I am going to give up and stop worrying. I've been kind of freaked out by the way things are going with the whole Glenn Beck deal in Washington, D.C. — even though I have never seen or heard him and wouldn't know him if my foot accidentally got planted in his ass. But I've heard enough about him. He has become as yakked about as anyone lately, and it's sad to think that he's getting this much attention. Same with you-know-who. I kind of promised not to write about her anymore, but everywhere I look there she is, acting like some freak from a bad movie. You know who I'm talking about. I won't write her name. But her daughter has recently signed on to appear on a reality show named Dancing with the Stars. And to her I say, Break a leg! Isn't that what they say in show business? I hope so, because that's what these right-wing blowhards are doing: putting themselves in show business.
They don't give a damn about health care or the war ending or people being without jobs. They don't care about anything except themselves and getting as much media attention as they can possibly get. Why do you think they gather in such large numbers like lemmings and tote their racist signs around and show off like they do? The fact that they don't realize how stupid they look is amazing to me, although it probably shouldn't be, since they are doing it every chance they get. How many Tea Party conventions and rallies can there be? How many times can "she" appear on television, in newspapers and magazines, at fund-raisers where she knows there will be cameras? When does she take the time out to make salmon and Velveeta casserole for her brood?

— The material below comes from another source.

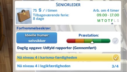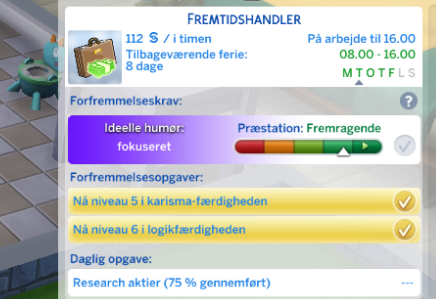 Din simmer får muligheden for at vælge retning inden for Forretnings karrieren. Dette sker når din simmer kommer til niveau 7.

This newest deal she has concocted with the Discovery network's TLC channel to show off the state of Alaska is one of the reasons I'm going to just stop worrying. When I find myself being a fan of the dude who entered their building and threatened to blow up the place, it makes me wonder how important it is to get worked up about much of anything anymore. And the thought of Bristol dancing around anything other than a pole makes me slightly nauseated, so I'm not going to think about that either. But none of that is as scary as "her" new show, about which Discovery/TLC touts, "It's Alaska-Tastic!" Does anyone out there have any heroin they can spare? I'm apparently not doing so well about not worrying.
But if this is the direction a third of the country is going to take, I don't care. Take it. I wish we could give them their own state — preferably Texas, since it is large and so many of them could live there. They could have their own laws, they could all be white, they could all have guns, they could all spit out babies like that family in Arkansas that keeps multiplying like catfish. They could all have great big colossal mega-churches and talk about the rapture and how everything is Obama's fault. They could be totally cool with not having any idea of who Margaret Thatcher is, and they could all wear fake antlers on their heads at Christmastime and have wallpaper borders dotted with illustrations of geese. And maybe if they have their own state and don't have to mingle with anyone else, they can all just get along and quit bitching. I'd just hate it for Mexico to be so close, but in this day and age, it's every man for himself. Sorry, Mexico. It's nothing personal. Just don't send any of your people there if this happens.
If we put all these people into Texas and let them secede from the Union, they could have all the reality shows they want because they would have their own networks. (Kind of like they do now with Fox News.) They could have a reality show on every hour and praise Dr. Martin Luther King. That idea was a real humdinger. I'd love to meet whoever thought it would come off as sincere. Nah, actually, I don't think I would. It would just give me more reason to try not to worry.